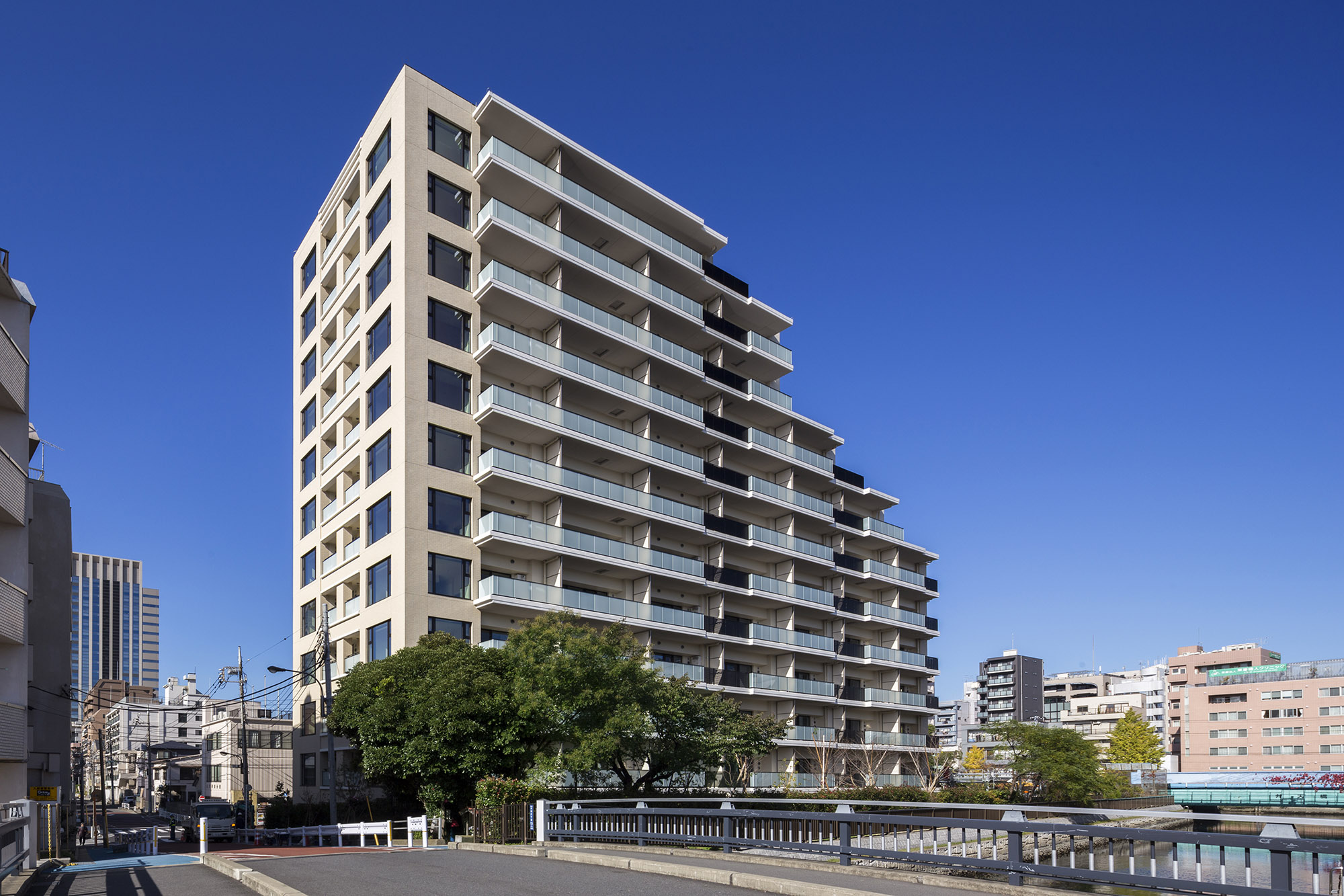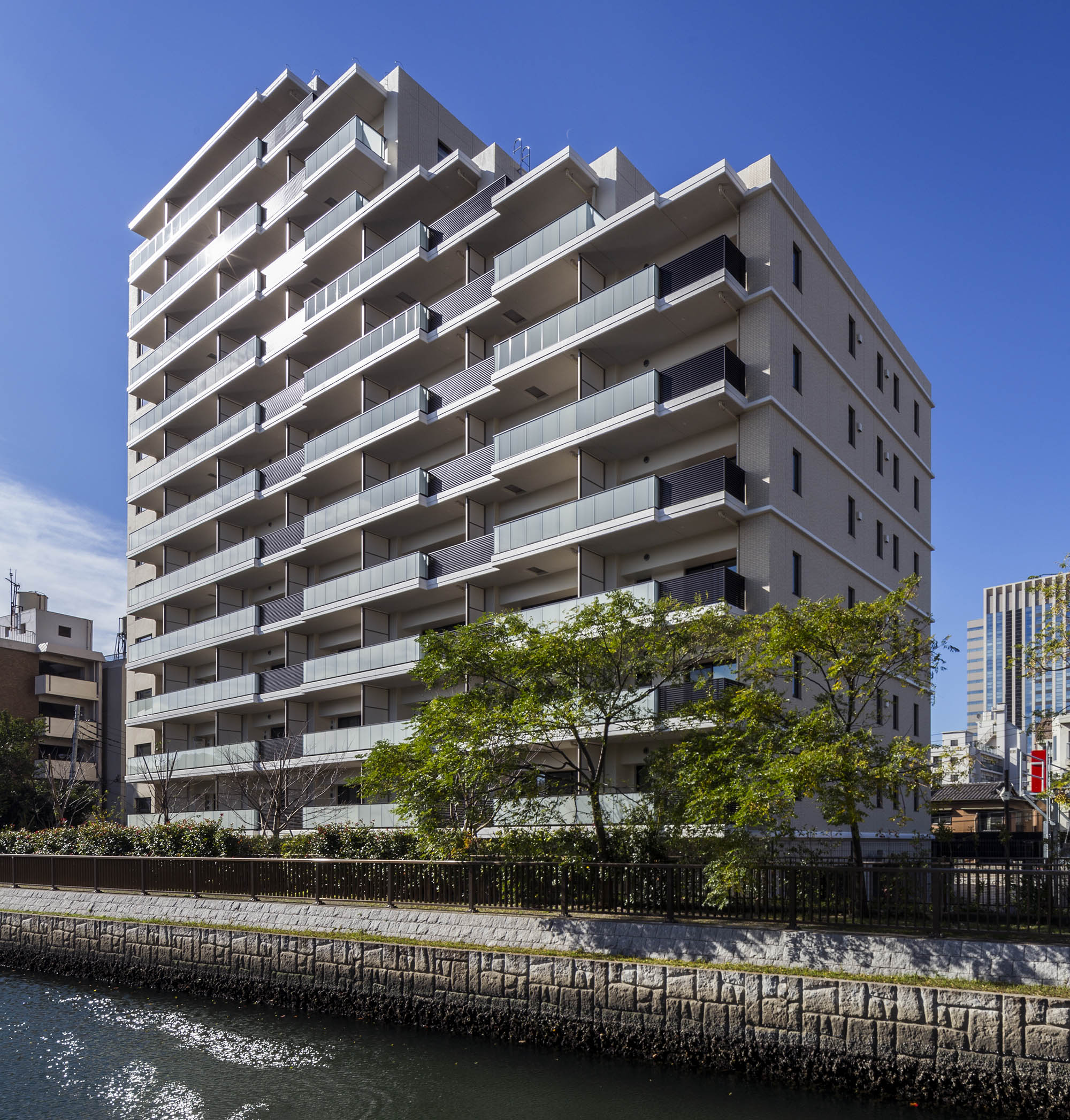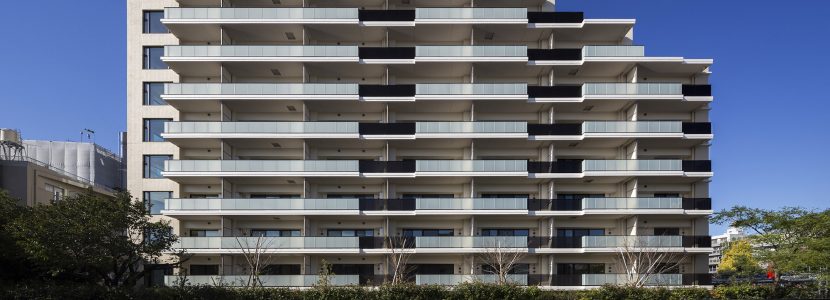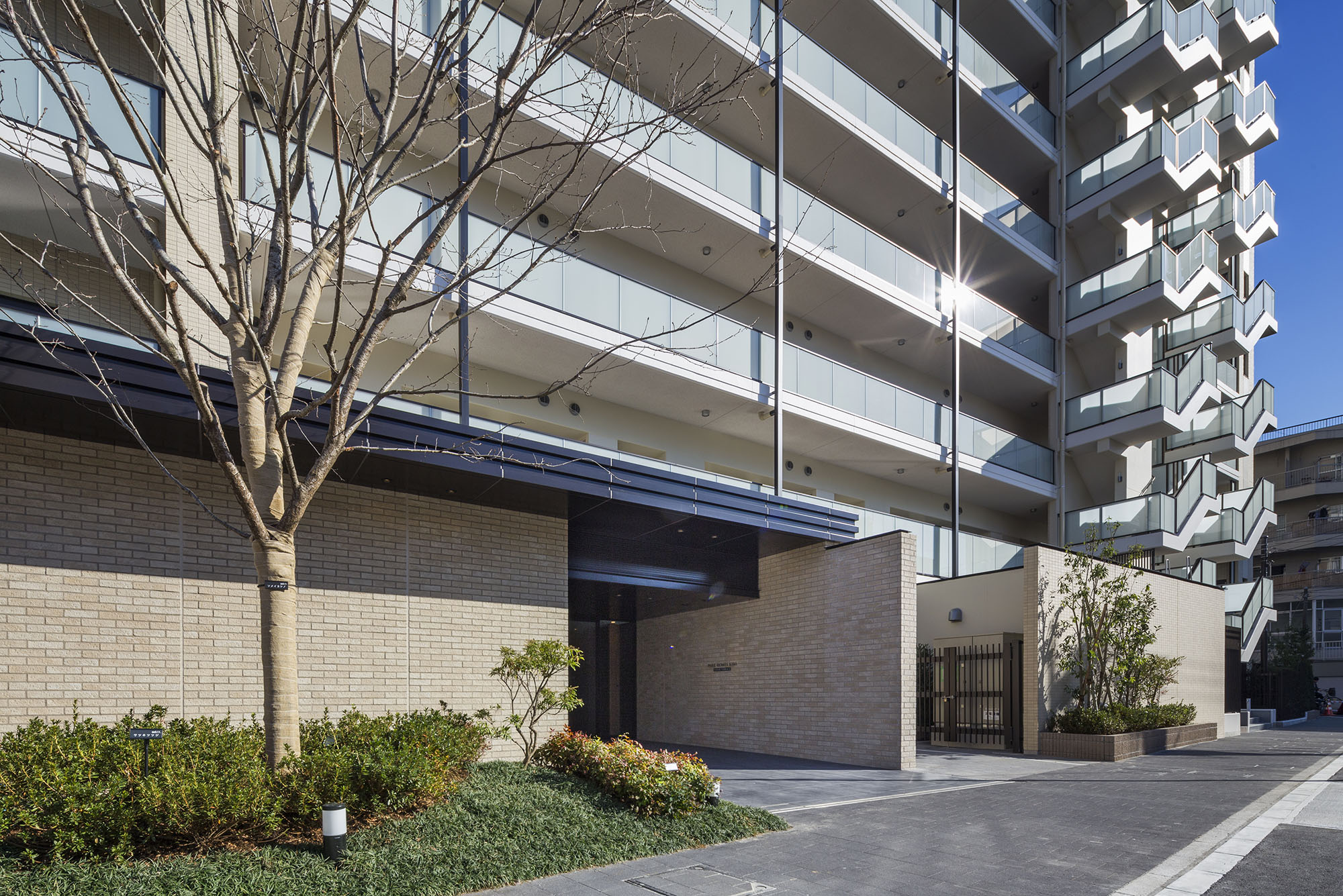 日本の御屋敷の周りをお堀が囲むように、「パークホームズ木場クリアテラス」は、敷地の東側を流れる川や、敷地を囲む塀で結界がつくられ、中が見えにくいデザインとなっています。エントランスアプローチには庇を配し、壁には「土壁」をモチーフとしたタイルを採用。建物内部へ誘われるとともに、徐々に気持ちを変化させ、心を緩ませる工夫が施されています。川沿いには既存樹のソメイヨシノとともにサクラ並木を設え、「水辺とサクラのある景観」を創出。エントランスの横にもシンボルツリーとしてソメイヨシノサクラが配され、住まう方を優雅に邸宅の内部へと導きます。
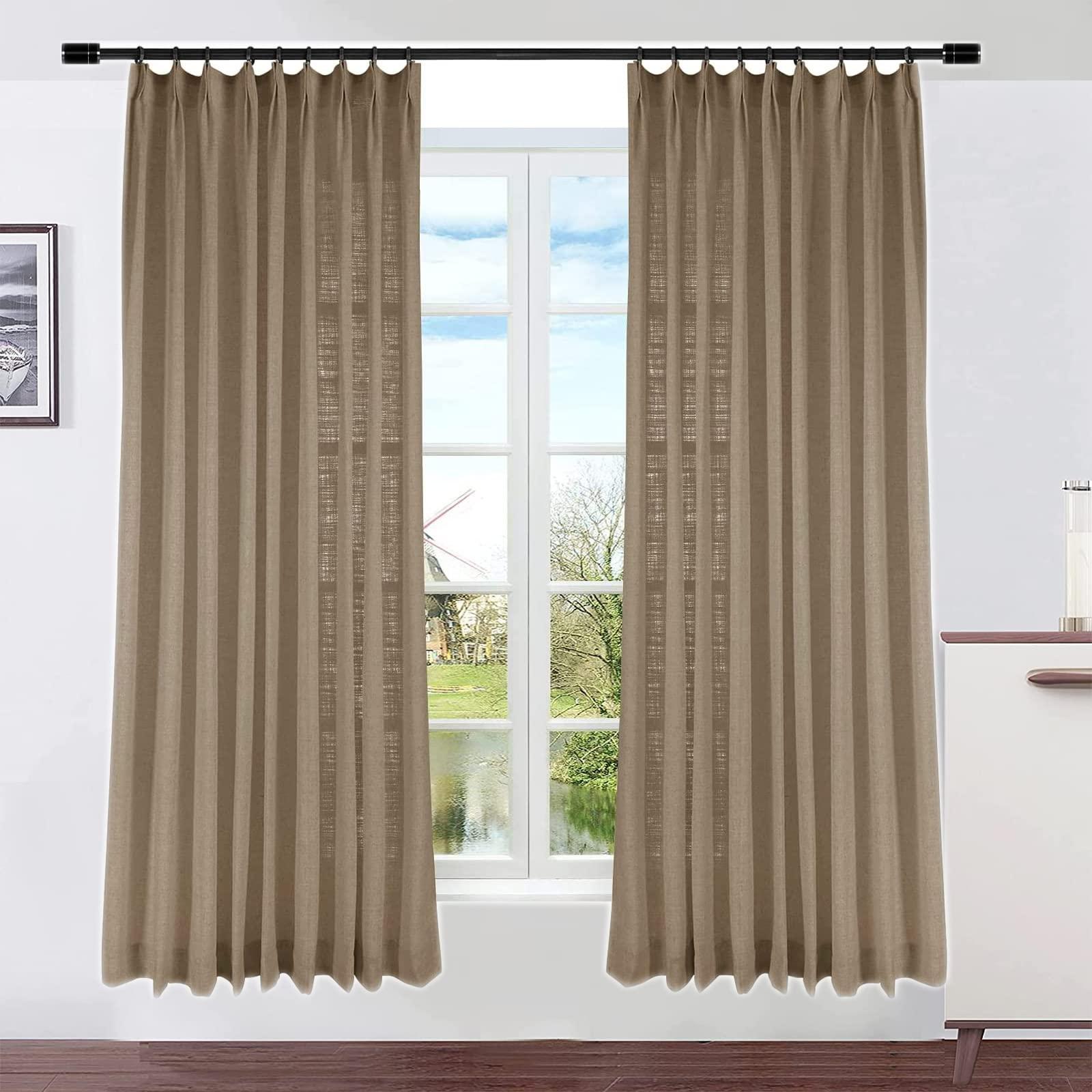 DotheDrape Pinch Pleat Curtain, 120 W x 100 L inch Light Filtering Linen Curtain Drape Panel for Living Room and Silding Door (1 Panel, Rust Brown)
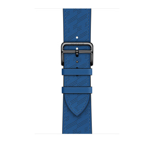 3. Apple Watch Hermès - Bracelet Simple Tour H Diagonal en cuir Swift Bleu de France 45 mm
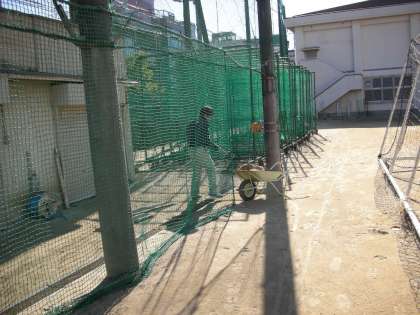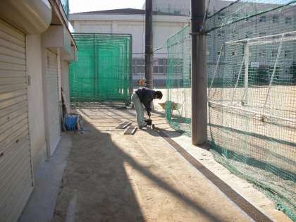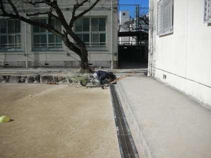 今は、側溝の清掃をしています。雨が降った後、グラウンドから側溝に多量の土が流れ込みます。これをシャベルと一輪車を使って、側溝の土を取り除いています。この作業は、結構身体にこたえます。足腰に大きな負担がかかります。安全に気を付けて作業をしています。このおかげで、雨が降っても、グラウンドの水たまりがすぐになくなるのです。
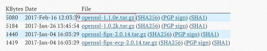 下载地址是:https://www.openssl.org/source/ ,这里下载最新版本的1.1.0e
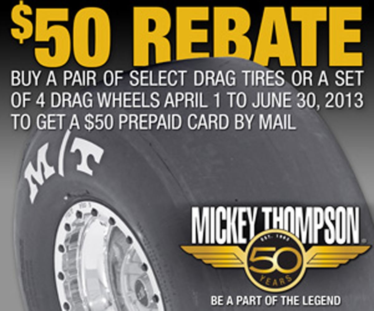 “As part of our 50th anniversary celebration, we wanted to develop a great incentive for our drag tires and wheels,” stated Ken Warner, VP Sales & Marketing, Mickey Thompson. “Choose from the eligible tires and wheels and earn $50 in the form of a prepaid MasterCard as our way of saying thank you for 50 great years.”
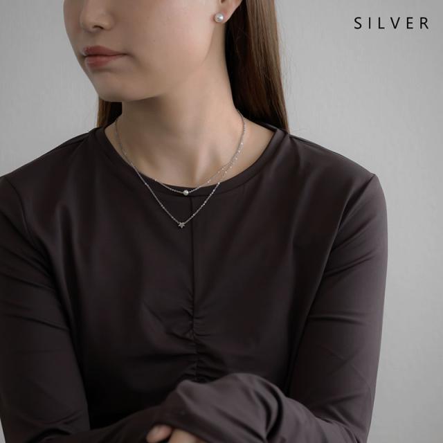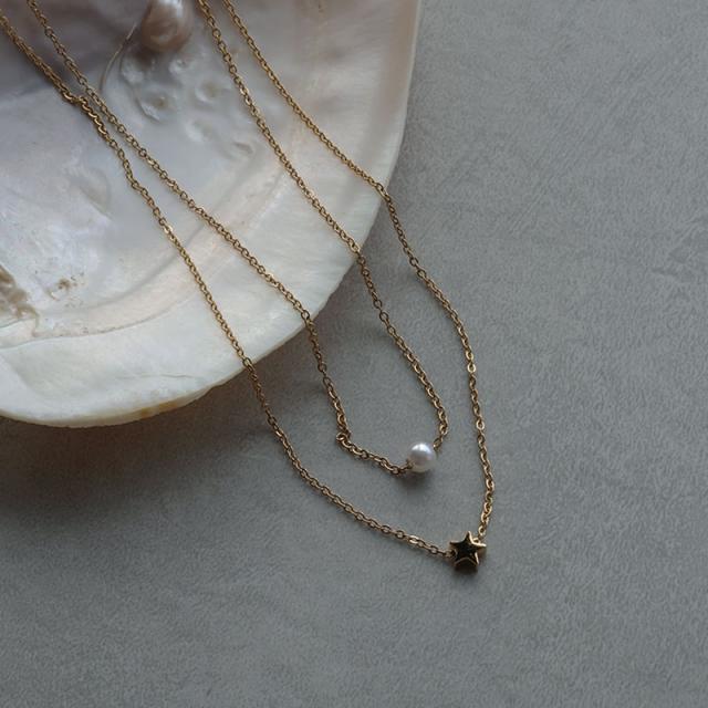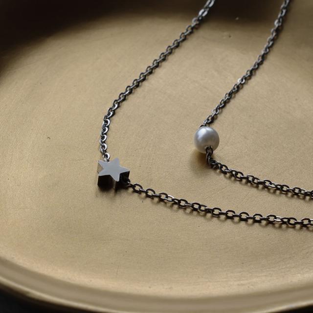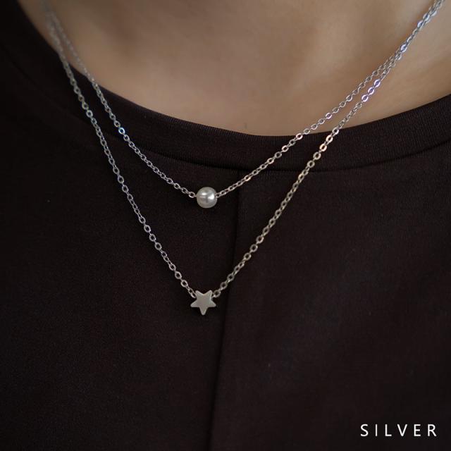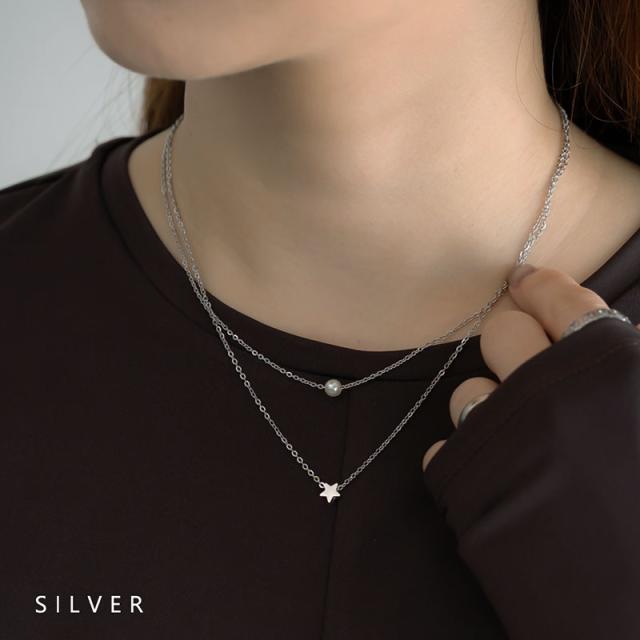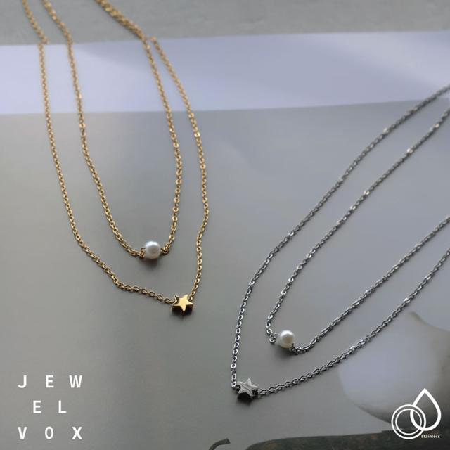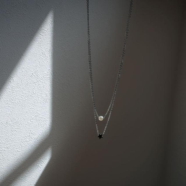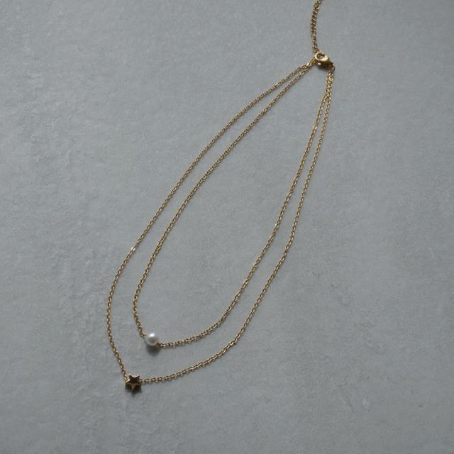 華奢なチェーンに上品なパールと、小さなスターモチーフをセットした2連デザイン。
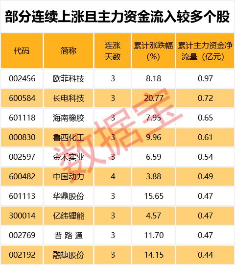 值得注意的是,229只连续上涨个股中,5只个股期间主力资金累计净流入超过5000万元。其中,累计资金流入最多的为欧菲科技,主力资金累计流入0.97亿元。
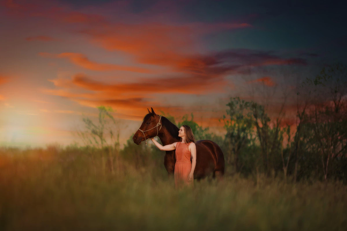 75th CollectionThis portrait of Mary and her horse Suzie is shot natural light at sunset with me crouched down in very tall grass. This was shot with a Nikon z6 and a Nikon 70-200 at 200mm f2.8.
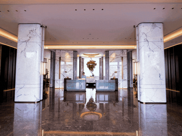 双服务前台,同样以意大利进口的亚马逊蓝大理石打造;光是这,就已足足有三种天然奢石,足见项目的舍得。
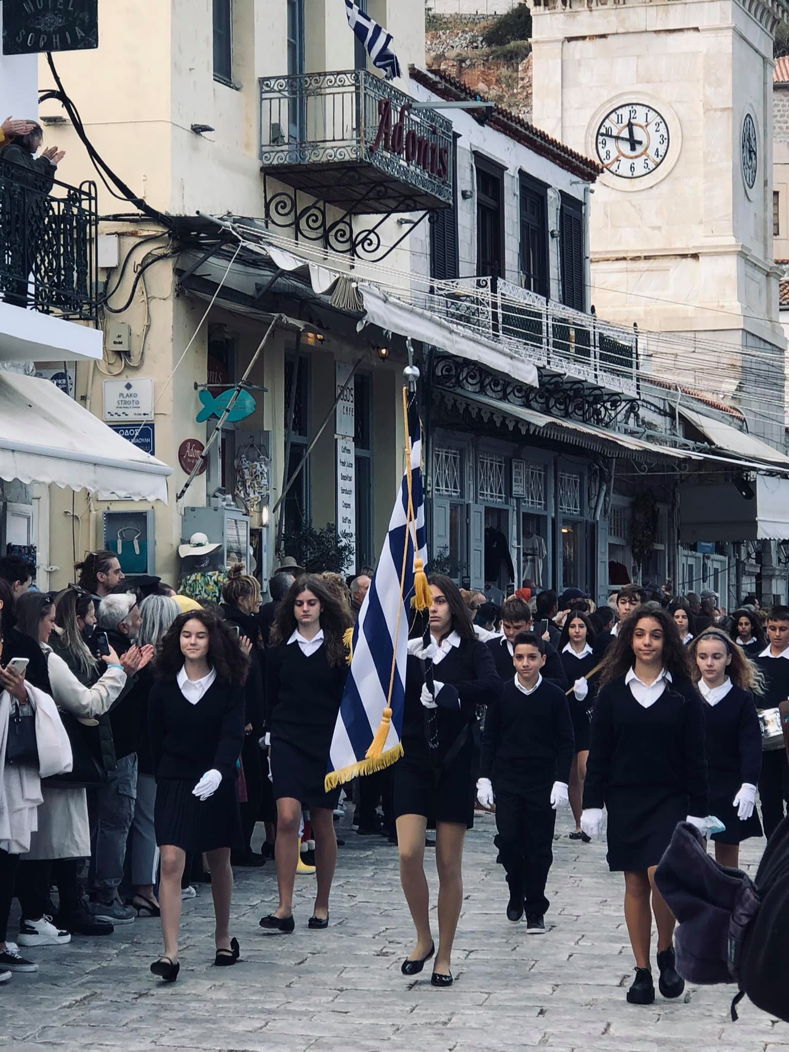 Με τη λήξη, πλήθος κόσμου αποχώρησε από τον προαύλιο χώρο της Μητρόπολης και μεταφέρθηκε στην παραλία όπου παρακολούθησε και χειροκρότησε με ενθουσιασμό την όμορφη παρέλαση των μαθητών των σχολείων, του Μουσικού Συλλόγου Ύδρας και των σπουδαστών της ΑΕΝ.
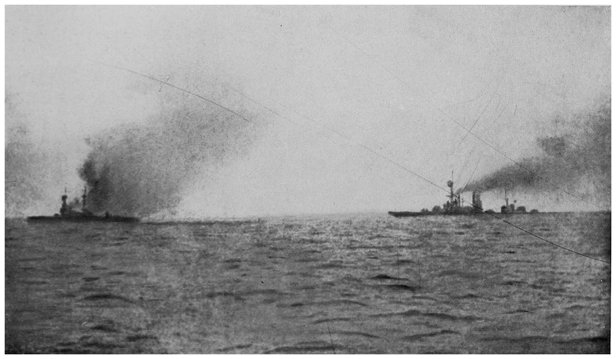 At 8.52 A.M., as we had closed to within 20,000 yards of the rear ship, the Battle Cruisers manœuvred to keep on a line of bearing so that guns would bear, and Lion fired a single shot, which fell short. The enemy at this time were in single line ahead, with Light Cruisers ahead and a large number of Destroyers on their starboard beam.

——

_DIRECTIONS_: Every line above should be returned word for word, with the pictures left behind.

_THE COMPLETED TASK_:
 日本の御屋敷の周りをお堀が囲むように、「パークホームズ木場クリアテラス」は、敷地の東側を流れる川や、敷地を囲む塀で結界がつくられ、中が見えにくいデザインとなっています。エントランスアプローチには庇を配し、壁には「土壁」をモチーフとしたタイルを採用。建物内部へ誘われるとともに、徐々に気持ちを変化させ、心を緩ませる工夫が施されています。川沿いには既存樹のソメイヨシノとともにサクラ並木を設え、「水辺とサクラのある景観」を創出。エントランスの横にもシンボルツリーとしてソメイヨシノサクラが配され、住まう方を優雅に邸宅の内部へと導きます。
 DotheDrape Pinch Pleat Curtain, 120 W x 100 L inch Light Filtering Linen Curtain Drape Panel for Living Room and Silding Door (1 Panel, Rust Brown)
 3. Apple Watch Hermès - Bracelet Simple Tour H Diagonal en cuir Swift Bleu de France 45 mm
 今は、側溝の清掃をしています。雨が降った後、グラウンドから側溝に多量の土が流れ込みます。これをシャベルと一輪車を使って、側溝の土を取り除いています。この作業は、結構身体にこたえます。足腰に大きな負担がかかります。安全に気を付けて作業をしています。このおかげで、雨が降っても、グラウンドの水たまりがすぐになくなるのです。
 下载地址是:https://www.openssl.org/source/ ,这里下载最新版本的1.1.0e
 “As part of our 50th anniversary celebration, we wanted to develop a great incentive for our drag tires and wheels,” stated Ken Warner, VP Sales & Marketing, Mickey Thompson. “Choose from the eligible tires and wheels and earn $50 in the form of a prepaid MasterCard as our way of saying thank you for 50 great years.”
 華奢なチェーンに上品なパールと、小さなスターモチーフをセットした2連デザイン。
 值得注意的是,229只连续上涨个股中,5只个股期间主力资金累计净流入超过5000万元。其中,累计资金流入最多的为欧菲科技,主力资金累计流入0.97亿元。
 75th CollectionThis portrait of Mary and her horse Suzie is shot natural light at sunset with me crouched down in very tall grass. This was shot with a Nikon z6 and a Nikon 70-200 at 200mm f2.8.
 双服务前台,同样以意大利进口的亚马逊蓝大理石打造;光是这,就已足足有三种天然奢石,足见项目的舍得。
 Με τη λήξη, πλήθος κόσμου αποχώρησε από τον προαύλιο χώρο της Μητρόπολης και μεταφέρθηκε στην παραλία όπου παρακολούθησε και χειροκρότησε με ενθουσιασμό την όμορφη παρέλαση των μαθητών των σχολείων, του Μουσικού Συλλόγου Ύδρας και των σπουδαστών της ΑΕΝ.
 At 8.52 A.M., as we had closed to within 20,000 yards of the rear ship, the Battle Cruisers manœuvred to keep on a line of bearing so that guns would bear, and Lion fired a single shot, which fell short. The enemy at this time were in single line ahead, with Light Cruisers ahead and a large number of Destroyers on their starboard beam.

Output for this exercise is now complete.